Personally, I'd just use UTF-8. If you want GDB's output,
expect it to
be UTF-8. The MI layer is a "transport", and
can add its own necessary
escaping (of quote marks, mostly). Alternatively, make GDB
output in
the current locale's character set.
So, if we print a wchar_t string as a string, and the user
has conveyed
to us that their wchar_t strings are Unicode code points,
then we can
convert that to the appropriate multibyte string on output
using the
host character set.
Picked a host character set that can't represent some
target characters?
The CLI should fall back to pretty escape sequences, I
don't know what
the MI should do, but probably the answer is unimportant.
> My point is, MI consumers are already parsing ISO C
strings. They
> just need to parse more of them.
IMO, we need to make them parse less of them.

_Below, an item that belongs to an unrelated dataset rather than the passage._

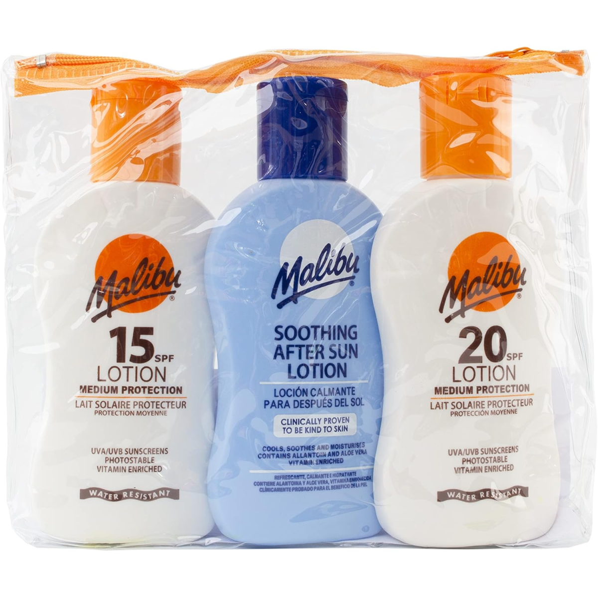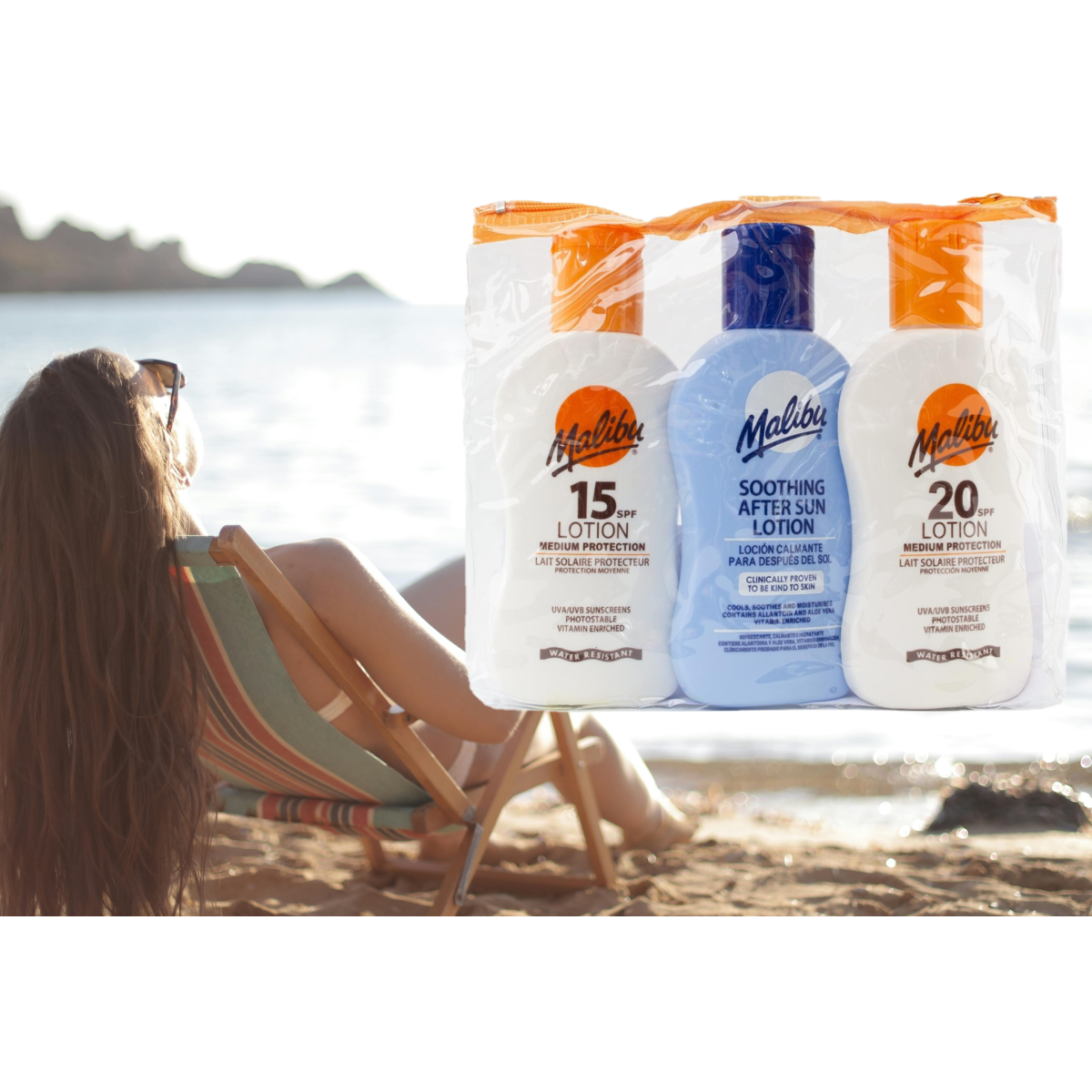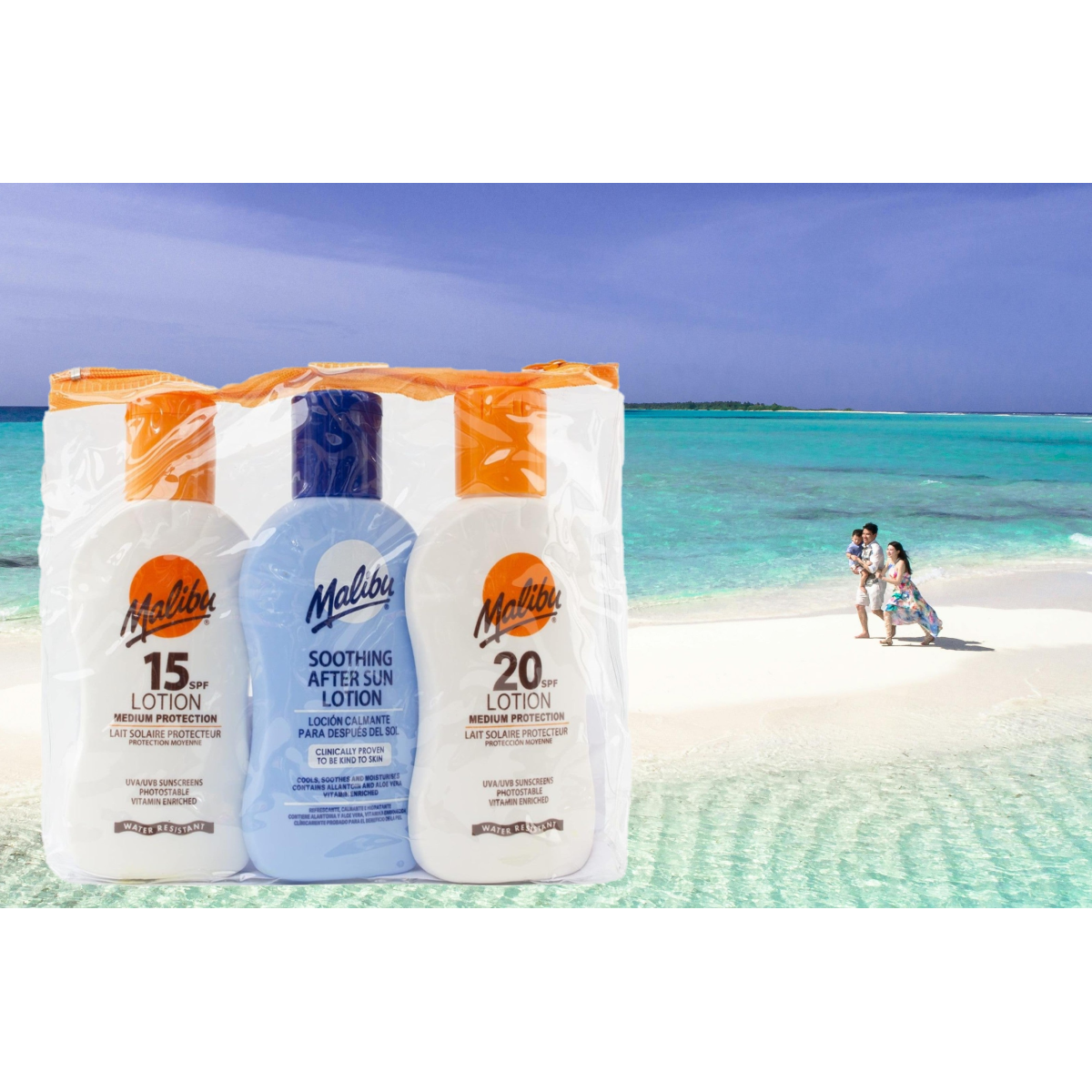 Protect and pamper your skin under the sun with the Malibu Sun Travel Essentials Multipack, a convenient set of three 100ml bottles featuring SPF 15 and SPF 20 sun creams and a soothing aloe vera after sun lotion. Perfect for holidays or sunny days out, this travel-friendly kit ensures your skin stays safe and hydrated.

Everywhere the MI consumer needs to parse something which
originated
as GDB CLI output, things go bad. For instance, MI
consumers may get
confused by the automatic limits on "set print
elements", which
truncates strings.
After "set print elements 2":
(gdb) interpreter-exec mi "-var-create - *
\"(char *)&__libc_version\""
^done,name="var1",numchild="1",type=
"char *"
(gdb)
(gdb) interpreter-exec mi "-var-evaluate-expression
var1"
^done,value="0x102a80 \"2.\"..."
(gdb)
Not very nice of us, was that?
> There is no provision in ISO C for variable-size
wchar_t encodings.
> The portion of the standard I referred to says that
wchar_t "...is an
> integer type whose range of values can represent
distinct codes for
> all members of the largest extended character set
speci???ed among the
> supported locales".
(A) GDB supports languages other than C.
(B) While I am inclined to agree with you about the language
of ISO C,
we don't get to ignore the reality of platforms with a
16-bit wchar_t
which store UTF-16 in it.
--
Daniel Jacobowitz
CodeSourcery
|